We caution you not to place undue reliance on such non-GAAP measures, but also to consider them with the most directly comparable GAAP measures.
We believe the non-GAAP financial measures we present improve the transparency of our disclosures, provide a meaningful presentation of our results from core business operations, because they exclude items not related to core business operations and improve the period-to-period comparability of our results from core business operations.
These presentations should not be considered an alternative to GAAP measures. A full reconciliation of these non-GAAP items is provided in the financial tables of today's press release. We have also posted an updated Investor Presentation on our website, lithiainvestorrelations.com, highlighting our second quarter results.
Presenting the call today are Bryan DeBoer, President and CEO; and Chris Holzshu, Senior Vice President and CFO. Also, in the room is Sid DeBoer, Chairman of the Board. At the end of our prepared remarks, we'll open the call to questions.
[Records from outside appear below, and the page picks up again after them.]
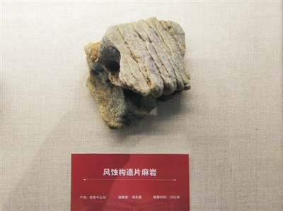 在“校友捐赠藏品展”,还有一块风蚀构造片麻岩标本,它同样产自南极,是由郑先昌博士2005年捐赠的。2004年10月,开云app登录入口1987级校友郑先昌博士随中国南极第21次科考队赴南极,进行为期5个多月的科学考察。在南极期间他对我国两个站区冻土及建筑物冻融危害进行全面调查,属于我国第一次在南极地区进行工程地质勘探。同时,由他提出的利用“钢梁基础+地锚加固”的方法在南极中山站实验取得成功,使我国南极站区首次利用风力发电,为南极站区建设作出了突出贡献。
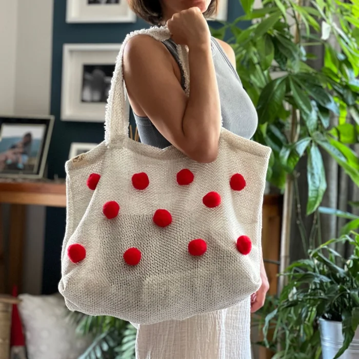 Product: Handmade Red Pom-pom Bag
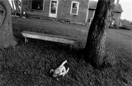 CANADA. Lambton County, Ontario. 1990. Young Noah TOWELL at a few months of age crawls on the lawn discovering grass and the sensation of grass. Behind him is his home and the home of photographer Larry Towell.
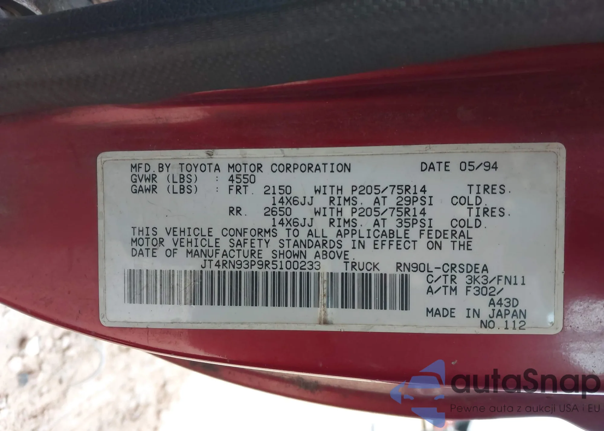 LOT: 44189480 VIN: JT4RN93P9R5100233
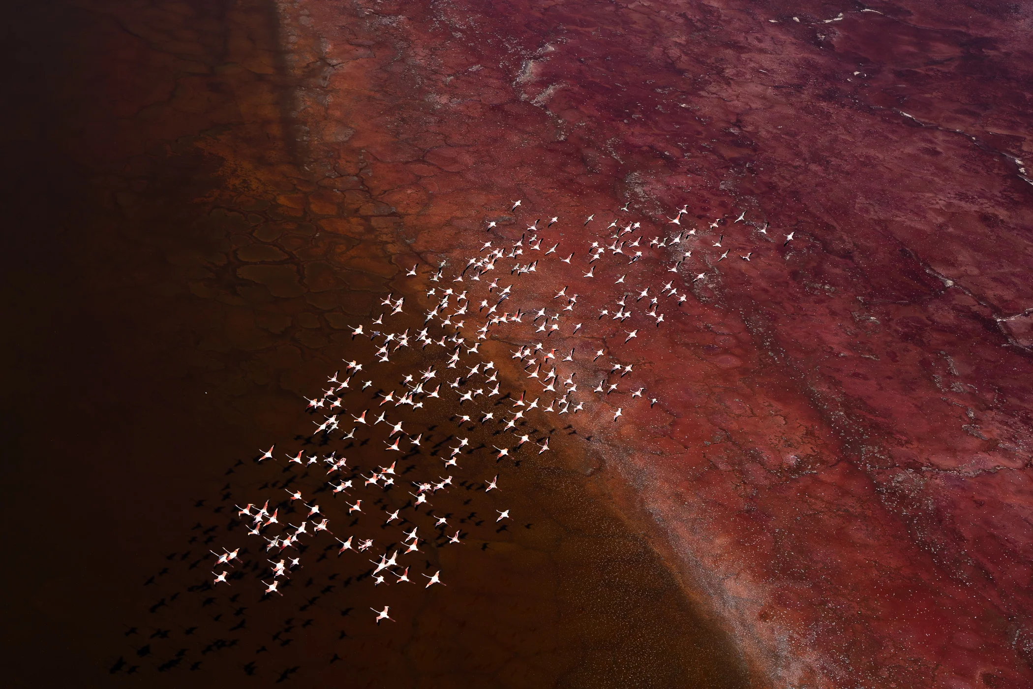 - Survols en hélicoptère au-dessus des lacs Magadi et Natron pour photographier flamants roses et paysages abstraits
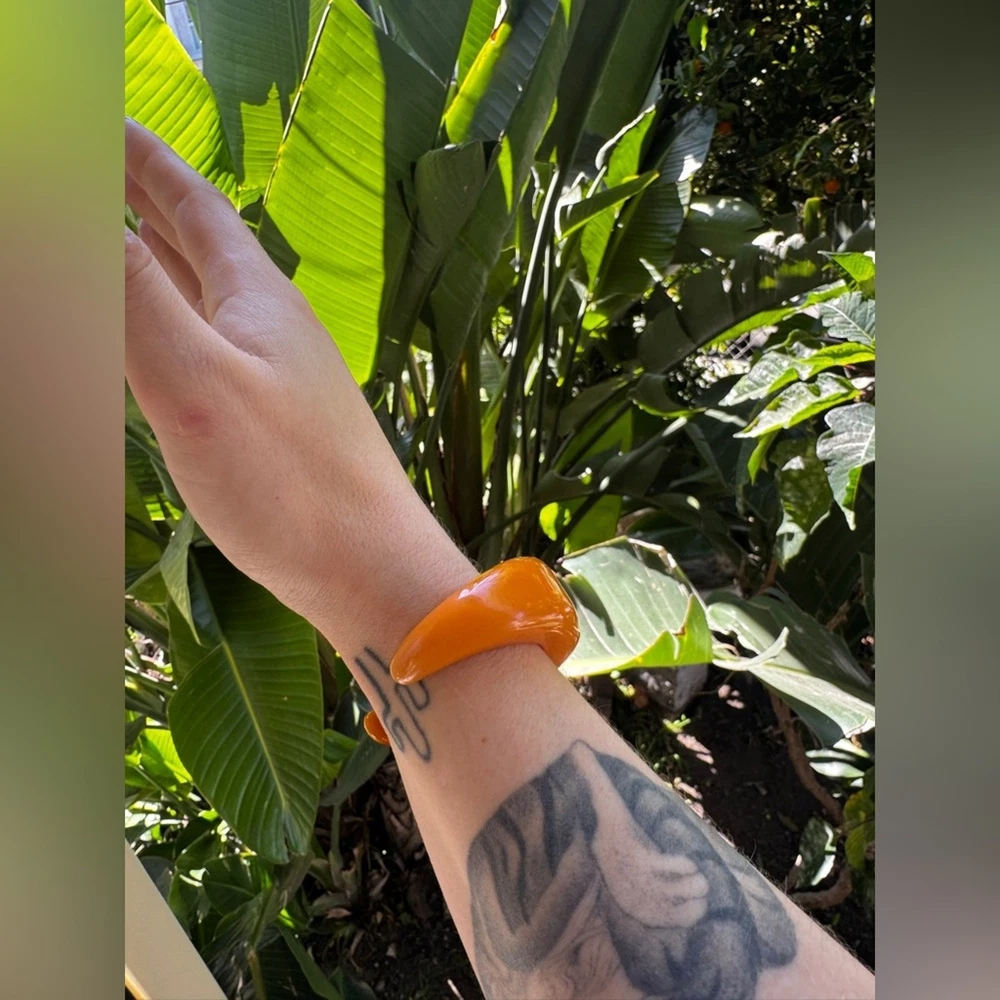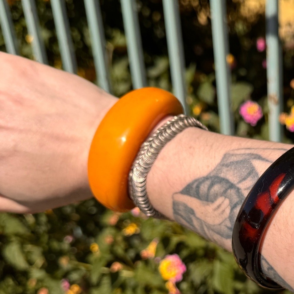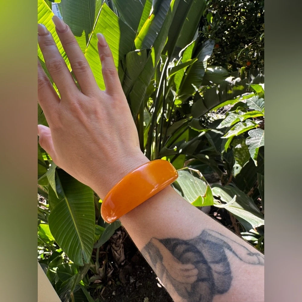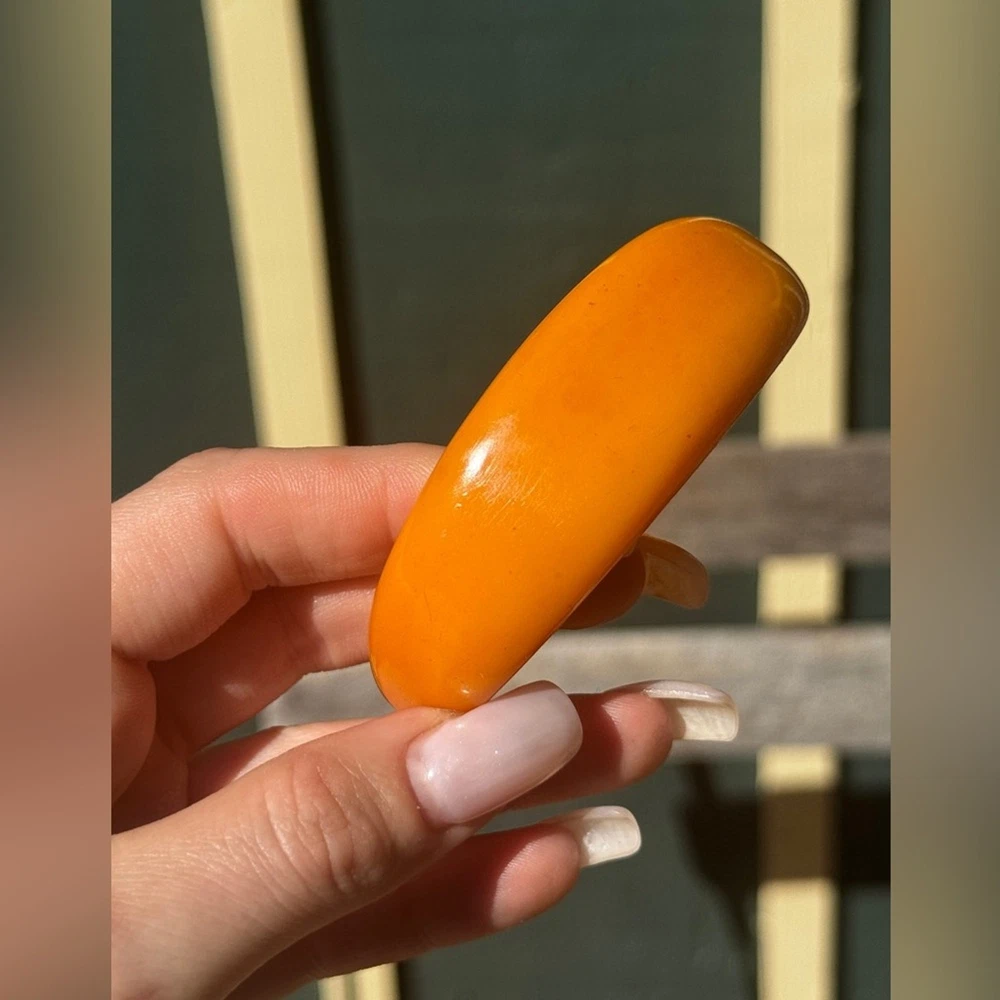 This 1940s cuff is a true collectors piece! Made of an orange opague bakelite, its a chunky, bubbly cuff that measures 4.5 inches round. In good condition - some minor scratching throughout. Looks great paired with a stack of bakelite cuffs or on its own!

I'm also available in my office after the call for any follow-up you may have.
And with that, I like turn the call over to Bryan..
Thank you, John. Good morning and thank you for joining us today. Earlier we reported second quarter adjusted earnings of $1.96 per share, compared to $1.86 per share last year of 5%. Net income was $15 million and all business lines grew resulting in a 7% increase in revenue to $2 billion in the quarter.
All numbers from this point forward will be on a same-store basis. In the quarter, new vehicle revenue increased 2% driven by higher average selling prices. Our unit sales were essentially flat and performed better than national unit volumes was decreased or tends to a quarterly SAAR of 17.1 million.
Our domestic unit sales decreased 2% equivalent to national; import increased 2% compared to 1% increase nationally and luxury units decreased 4% compared to a decrease of two-tenth nationally. Gross profit per new vehicle retailed was $2,015 compared to $1,976 in the second quarter of 2015, an increase of $39 per unit.
Both domestic and luxury gross profit per unit increased, which was partially offset by lower import gross per unit. Retail used vehicle revenues increased 10%. 9% from increased units and 1% from increased selling price. Our used to new ratio was 0.77:1. In the quarter, certified and core units both increased to 11%, and Value Auto units increased 2%.
Gross profit per unit was $2,434, compared to $2,547 last year, a decrease of $113, as we continue to pursue a volume strategy. On a 12-month rolling average, we sold 64 used vehicles per store, per month, up from 59 units in the comparable period last year.
We continue to make incremental progress towards our goal of selling 75 used units per store, per month. Our F&I per vehicle was $1,273 compared to $1,213 last year, or an increase of $60. Of the vehicles we sold in the quarter, we arranged financing on 74%, total service contract on 44% and total lifetime oil product on 27%.
Our penetration rate and profitability improved in all three categories over last year. Only a few DCH stores have recently offered the lifetime oil products, so the blended penetration in this category is below our historical average.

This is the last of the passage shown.